-- Records shown follows --

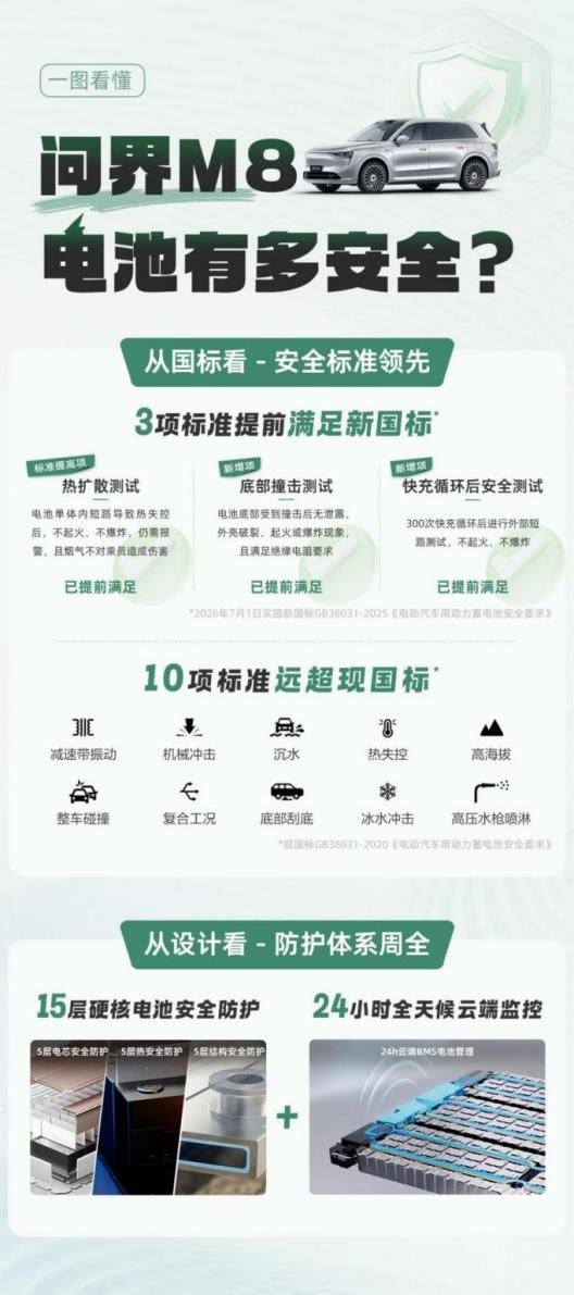 众所周知,电池是新能源汽车的核心部件。问界M8在电池安全上的投入可谓不遗余力,其电池系统在设计之初就严格按照领先安全标准进行打造,并在热扩散测试、底部撞击测试、快充循环后安全测试3项标准方面,提前满足新国标要求。
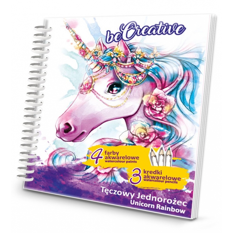 Zestaw kreatywny. Zawiera szkicownik, 2 inspiracje akwarelowe, kredki akwarelowe, farby akwarelowe i pędzelek.
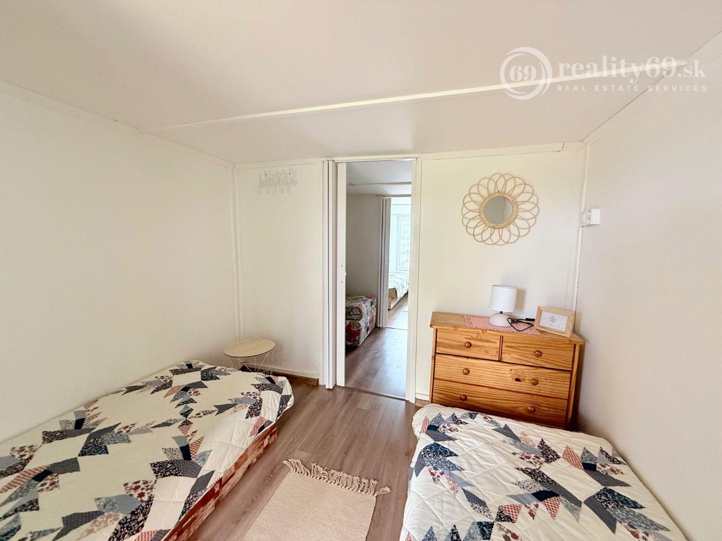 Na prvom poschodí nájdete tri útulné izby, modernú kúpeľňu s WC, plne vybavenú kuchyňu s komorou a priestrannú zastrešenú terasu s posedením a grilom – ideálnu na večerné posedenia s priateľmi a rodinou.
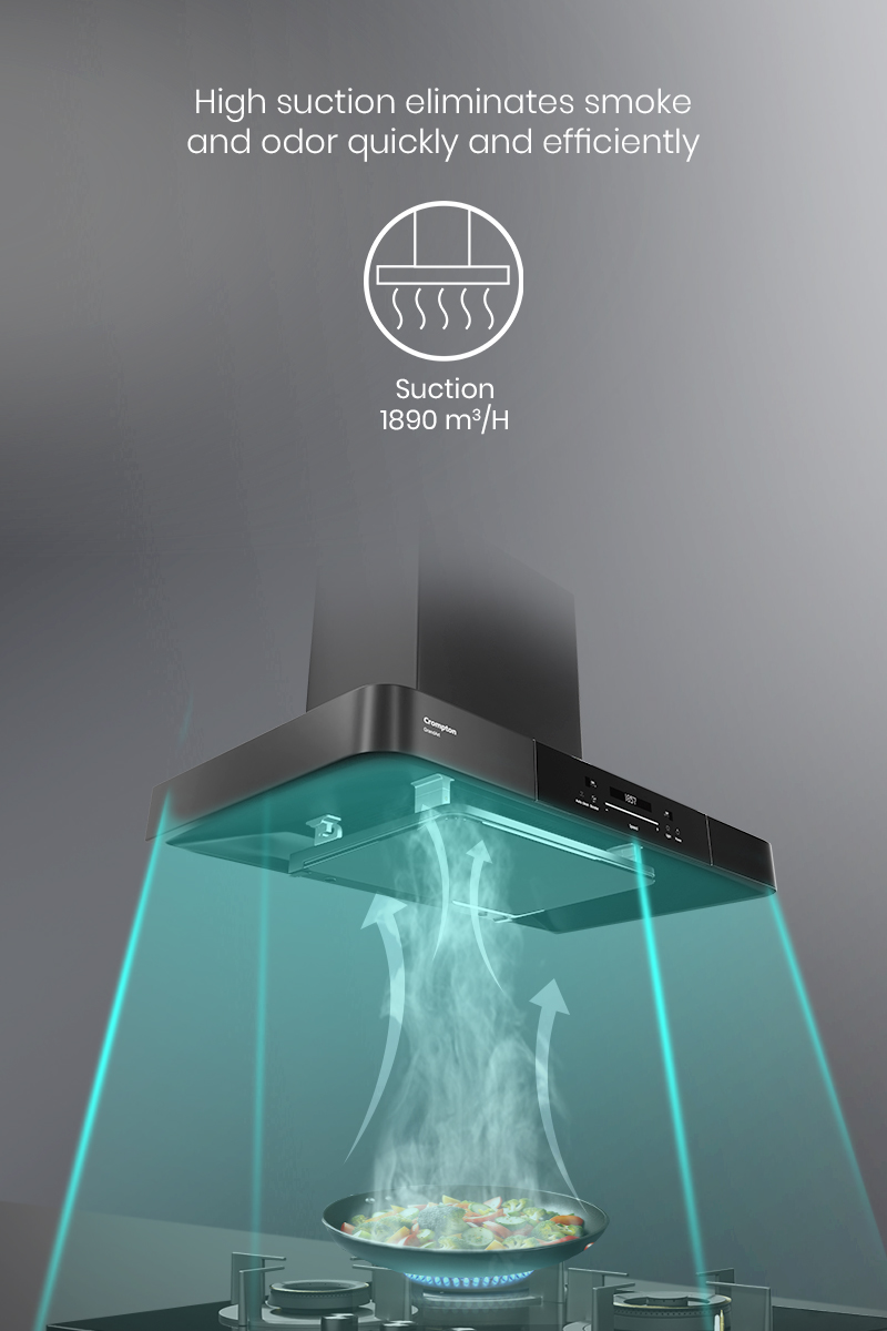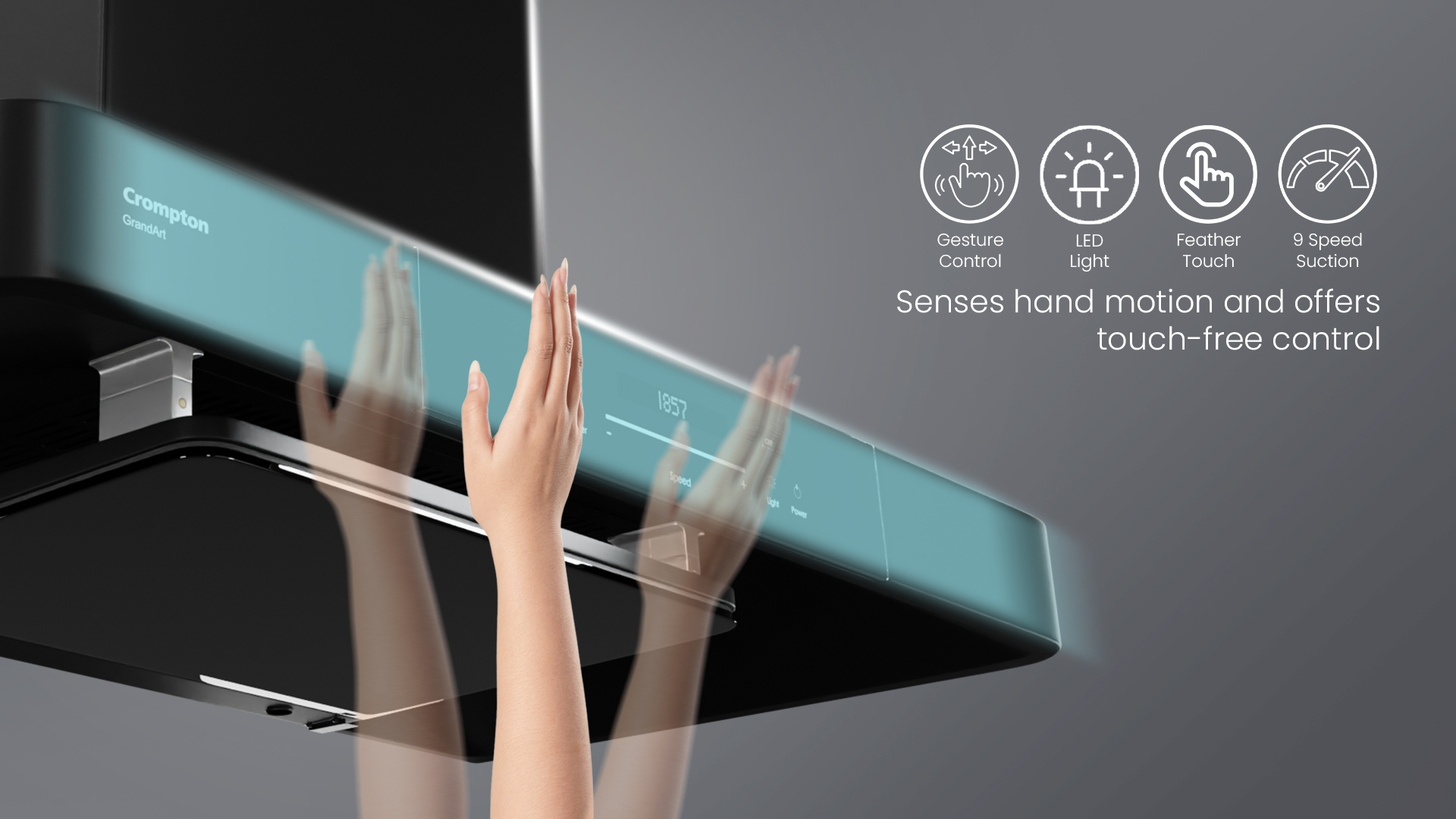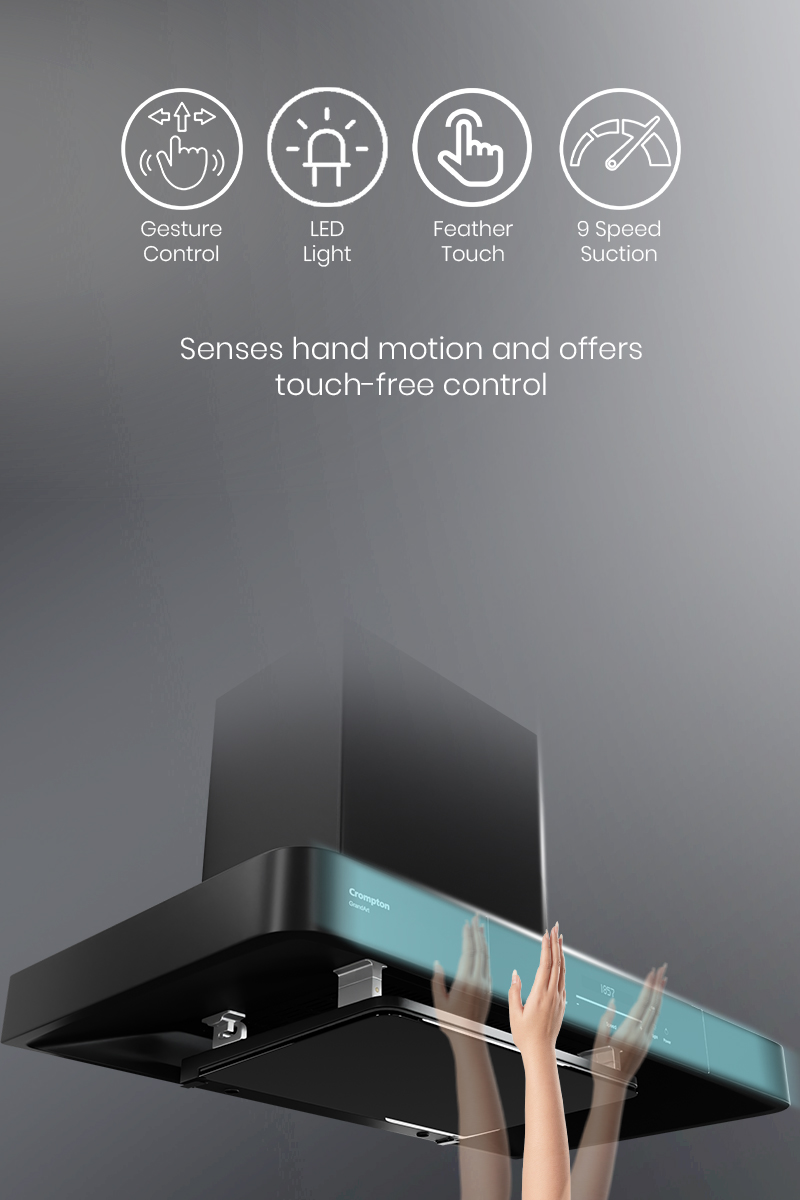 Elevate your kitchen with the Crompton GrandArt Box Chimney, designed to seamlessly integrate with modern kitchen setups. Its elegant box-shaped design enhances the look of contemporary spaces while offering powerful suction to remove smoke and odors efficiently. The Intelligent AutoClean feature automatically eliminates oil and grime after 30 hours of use, ensuring low maintenance. With Smart Gesture Control, you can operate the chimney hands-free for added convenience. Quiet and efficient, the GrandArt keeps your kitchen air fresh and your space spotless, making cooking a delightful experience.
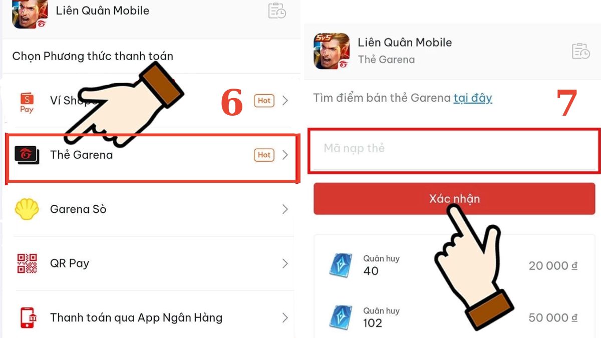 Sau khi đăng nhập, chọn ô nạp thẻ và hình thức thanh toán mà bạn ưa thích. Garena hỗ trợ nhiều phương thức nạp, từ nạp Sò, nạp Quân Huy, cho đến nạp RP và nạp FC, đảm bảo tính an toàn và tiện lợi cho người dùng. Đặc biệt, bạn có thể nạp tiền game thông qua ứng dụng Garena có sẵn trên cả Android và iOS.
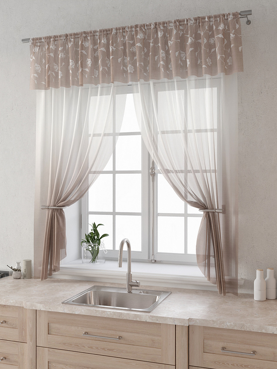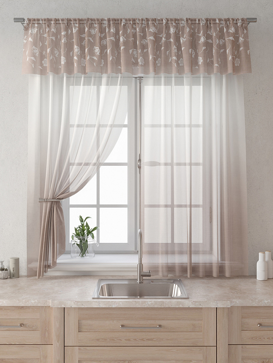 Вуаль 150х180 см. — 2 шт., Ламбрекен 300х40 см. — 1 шт. Комплект штор из вуали оформлены печатным рисунком. Печатный рисунок дает широкие возможности обновить интерьер фактически не требуя ремонта за счет огромного выбора. Ткани с печатным рисунком безопасны и не содержат токсичных веществ. Не смотря на то, что материал легкий, он имеет высокую плотность, мало загрязнятся и не требует особого ухода даже после стирки, что важно для кухонных занавесок. Тюль не выцветает, не растягивается, превосходно драпируются, образуя струящиеся складки. Прекрасное решение для создания красоты и уюта с помощью уникальных дизайнов.
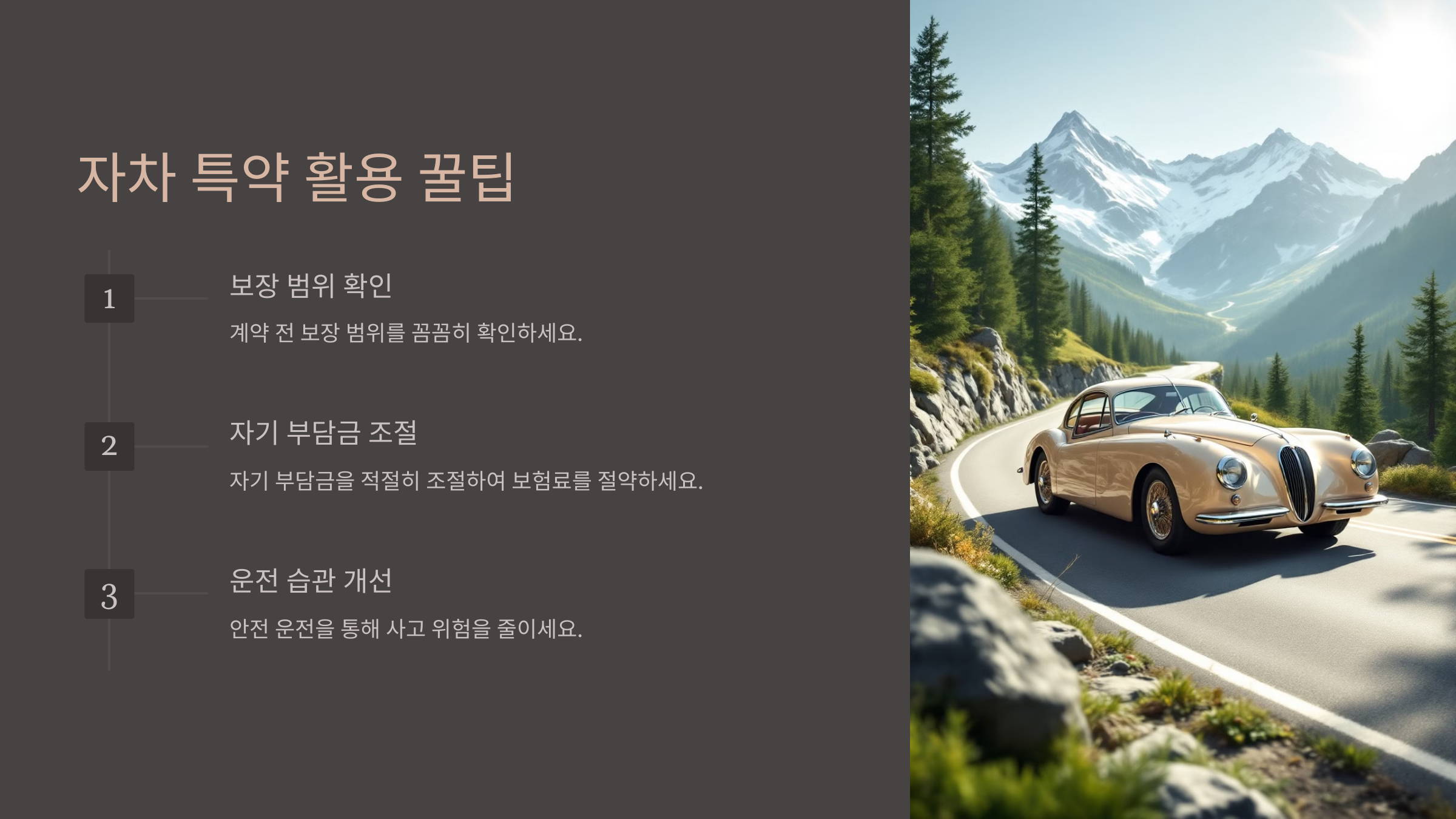 넷째, 보험 갱신 시 보장 내용과 특약을 재검토하세요. 차량의 상태나 운전 습관이 변했을 경우, 기존 자차 특약이 적합하지 않을 수 있어요. 갱신 시점에 새로운 상품을 비교하고 최적의 조건으로 변경하는 것이 현명한 방법이에요.
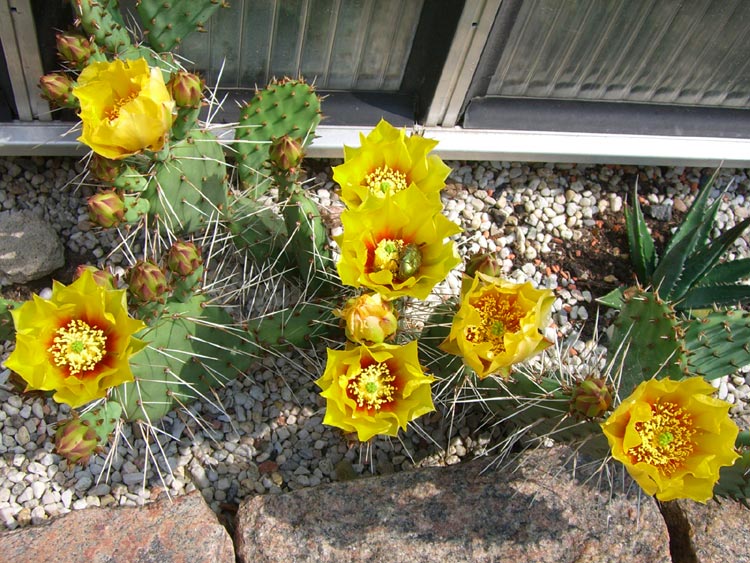 Opuntia phaecantha var. longispina, steht zumindest auf dem schild, warscheinlich auch eine der vielen hybriden, erworben vor 3 jahren bei kakteenhaage und seitdem im freiland, blüht nun das erste mal
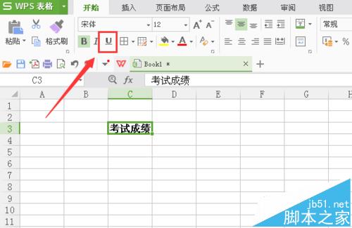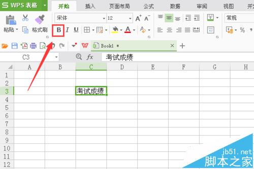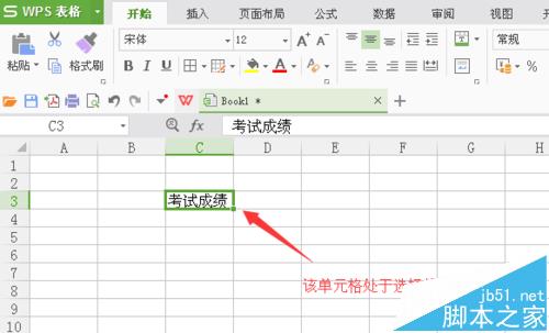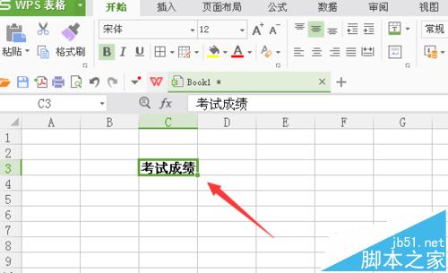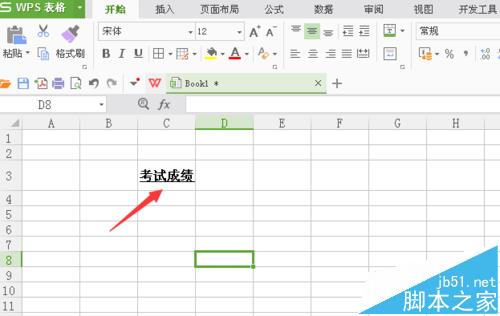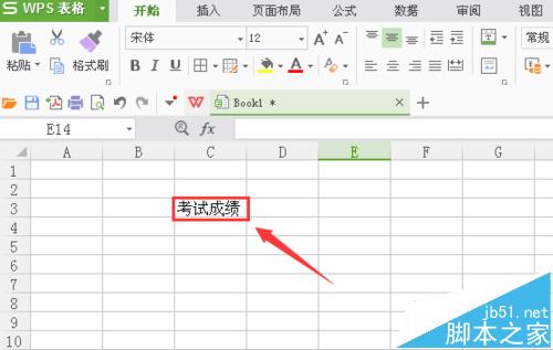 2、选择一个单元格,并在该单元格里输入考试成绩四个字,如图所示:
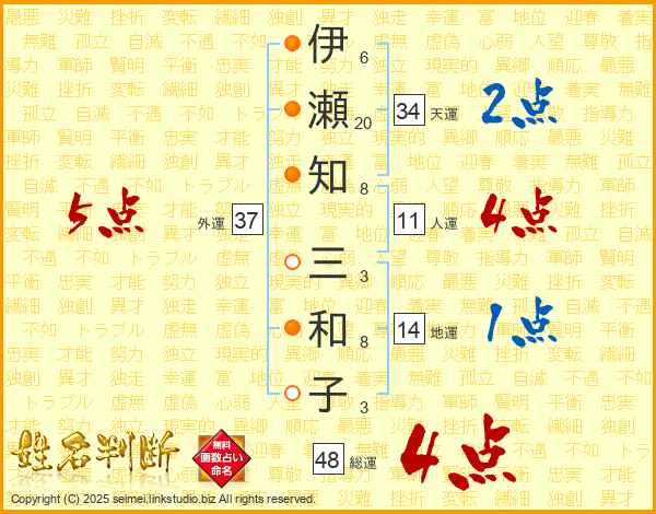 伊(6画)瀬(20画)知(8画) 三(3画)和(8画)子(3画)
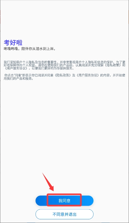 首次启动应用,请在隐私政策页面点击我同意进入。
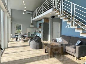 Просторная гостиная совмещена с зоной кухни и зоной отдыха с диваном, мягкими пуфами и огромным экраном проектора. В гостиной можно провести праздничное мероприятие, устроить себе кинопросмотр или поиграть в настольные игры в дружной компании или кругу семьи.
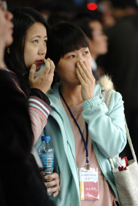 4月7日,臺(tái)灣畢業(yè)生唐庭怡(右)、楊秀麗(左)在廈門就業(yè)洽談會(huì)上找工作。當(dāng)天,第二屆“臺(tái)灣地區(qū)專業(yè)人才暨大學(xué)畢業(yè)生大陸就業(yè)洽談會(huì)”在廈門舉行,50多家招聘單位為近200名來自寶島臺(tái)灣的專業(yè)技術(shù)人才、畢業(yè)生及在大陸各地就學(xué)的臺(tái)籍學(xué)生提供了400多個(gè)職位。 |

-- Records shown concluded --

-- Requirement --
Please copy out from the data above, without any picture, exactly the lines running from the one that holds "Na prvom poschodí" through the one that holds "Elevate your kitchen", and nothing beyond them.

-- Worked solution --
 Na prvom poschodí nájdete tri útulné izby, modernú kúpeľňu s WC, plne vybavenú kuchyňu s komorou a priestrannú zastrešenú terasu s posedením a grilom – ideálnu na večerné posedenia s priateľmi a rodinou.
 Elevate your kitchen with the Crompton GrandArt Box Chimney, designed to seamlessly integrate with modern kitchen setups. Its elegant box-shaped design enhances the look of contemporary spaces while offering powerful suction to remove smoke and odors efficiently. The Intelligent AutoClean feature automatically eliminates oil and grime after 30 hours of use, ensuring low maintenance. With Smart Gesture Control, you can operate the chimney hands-free for added convenience. Quiet and efficient, the GrandArt keeps your kitchen air fresh and your space spotless, making cooking a delightful experience.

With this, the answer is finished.